If you’d rather just read the conversation, the transcript is below.

If you’re going to take the risk of running an agency, shouldn’t you get the benefits too? Welcome to Build a Better Agency, where we show you how to build an agency that can scale and grow with better clients, invested employees, and best of all, more money to the bottom line. Bringing his 25-plus years of expertise as both an agency owner and agency consultant to you, please welcome your host, Drew McLellan.

Drew: Welcome back to another episode of Build a Better Agency. This is one of my solocasts so again, this is where I don’t bring another guest into the mix. It’s just you and me talking about something that I think needs to be on your radar screen. Today, we’re going to talk about planning. So I’m recording this podcast, regardless of when you’re listening to them, I’m recording it in December. So I’m looking out ahead at the year coming.

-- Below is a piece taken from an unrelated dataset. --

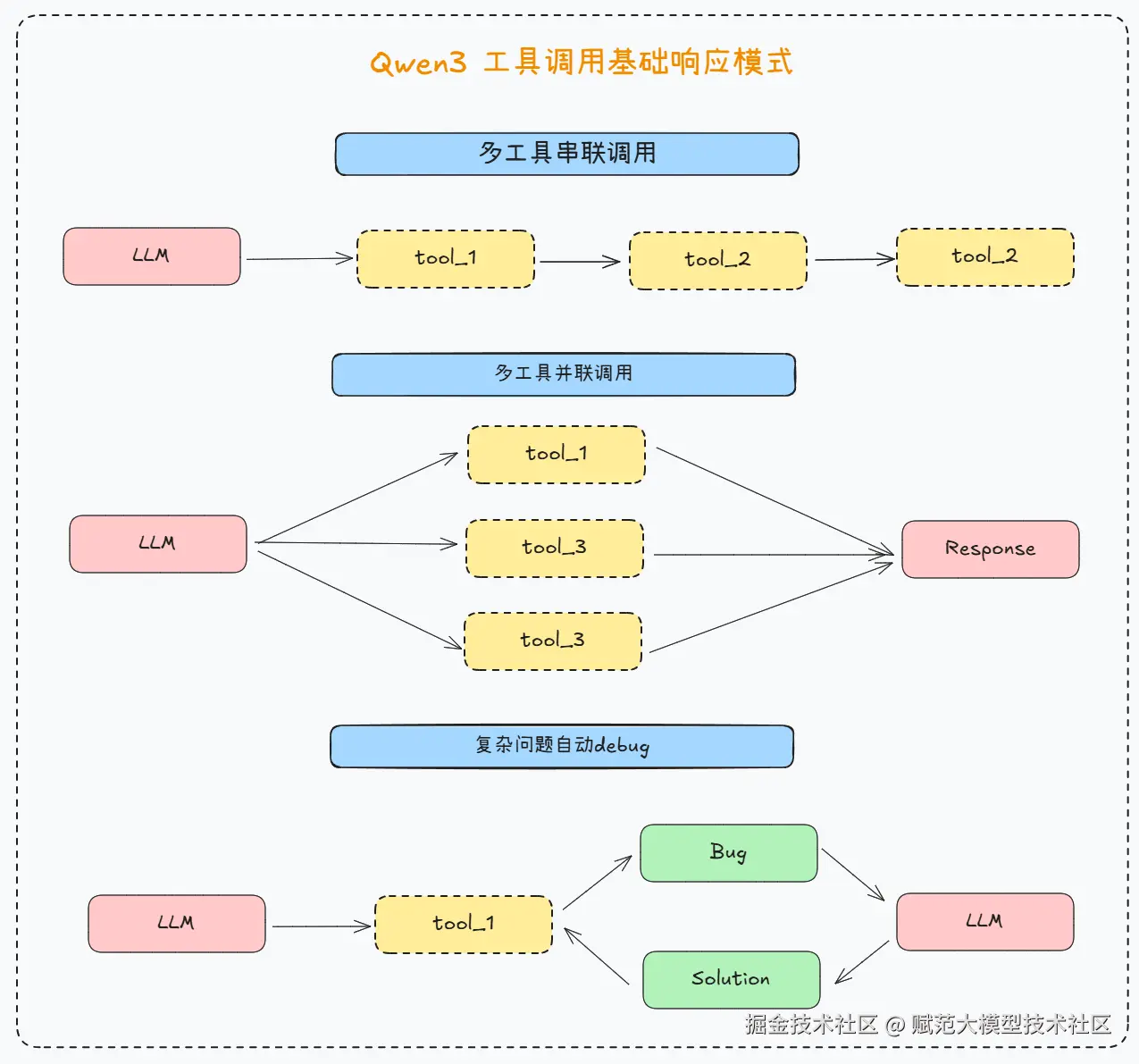 而对于Qwen3全系列模型来说,不仅支持Function calling,还支持工具的并联、串联调用甚至是自动debug:

So hopefully, you’re listening to this in real-time. But even if you’re not, regardless of when you’re listening to this, you can initiate planning at any point in your agency. This is one of the areas where agency owners often fall short. You’re so busy running the business and especially at the end of the year.  You’re so busy wrapping things up and trying to tie all the loose ends together so that you have a great and prosperous year, that one of the things that often suffers is your own agency planning for the next year.

I think it’s a dangerous thing to assume that everything is going to go according to plan. Because if you’ve been in the business for any length of time at all, you know if there is one constant in agency life, it’s that it is inconsistent at best. I think one of the ways to try and balance out that inconsistency and to continue to build your agency to be bigger, better, stronger…remember, when I say bigger, I don’t necessarily mean more bodies. I’m talking about a bigger bottom line but better and stronger … is to do some planning for the year ahead and to then follow that plan throughout the year.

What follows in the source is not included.